The active galactic nucleus (AGN) of Markarian 590 has been categorised as change looking. This category of Seyfert galaxies is characterised by a change in the spectrum, with the broad emission lines disappearing or appearing, and thus changing the galaxy from to type I to type II and vice versa. Markarian 590 was originally characterised as a type I Seyfert galaxy, but later observations categorised the galaxy as type 1.5 and type 1.9-2.

The broad line emission of Markarian 590 strengthened by a factor of tens from the 1970s to the 1990s and then decreased about 100 times in the 2000s in optical, UV, and X-ray wavelengths, and the broad component of the Hβ emission line disappeared completely. Observations by Suzaku X-ray satellite in 2011 revealed that the soft X-ray excess emission could no longer be detected, while the X-ray continuum flux had minimal change. The X-ray spectrum does not show evidence of obstruction; instead the variation is caused by a change in accretion rate. Observations of the galaxy in the infrared wavelengths revealed a sharp decrease in luminosity between 2000 and 2001. Also, during the low activity period, the radius of the circumnuclear dust torus decreased to 32 light days. In 2014, the soft excess emission had reappeared in observations by Chandra X-ray Observatory, as well as the broad MgII emission line.

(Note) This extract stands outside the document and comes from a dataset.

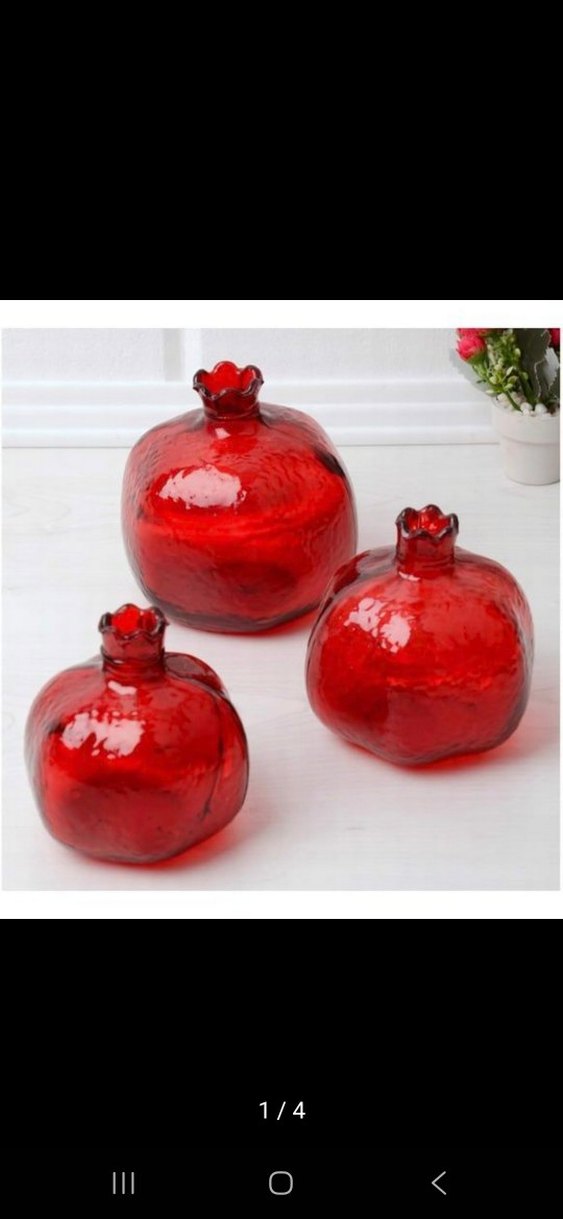 Parlak yüzeyli, renkli kırmızı nar figürlerinden oluşan dekoratif set. Altında Hafif Soyulma vardır Ancak Kullanıma engel değildir

The radio emission of the galaxy is concentrated to a single core source, and extends to two components at a radius of about 2 arcsec (~1 kpc) and 6 arcsec (~3 kpc) from the core, that probably are related to the ring-like molecular gas structures observed in CO(3-2) imaging. The outer gas ring is probably related to the spiral arms of the galaxy while the inner ring is related to faint dust lanes. The central molecular gas mass is estimated to be less than 1.6×10^5 M_solar, not significantly less than other AGNs. A faint parsec-scale radio jet extending 2.8 mas to the north has been detected using very-long-baseline interferometry. The radio emission exhibits long term variation that follows that of the other wavelengths.

X-ray observations of the galaxy has shown the presence of ultra fast outflows, in the form of blueshifted absorption lines of O viii, Ne ix, Si xiv, and Mg xii.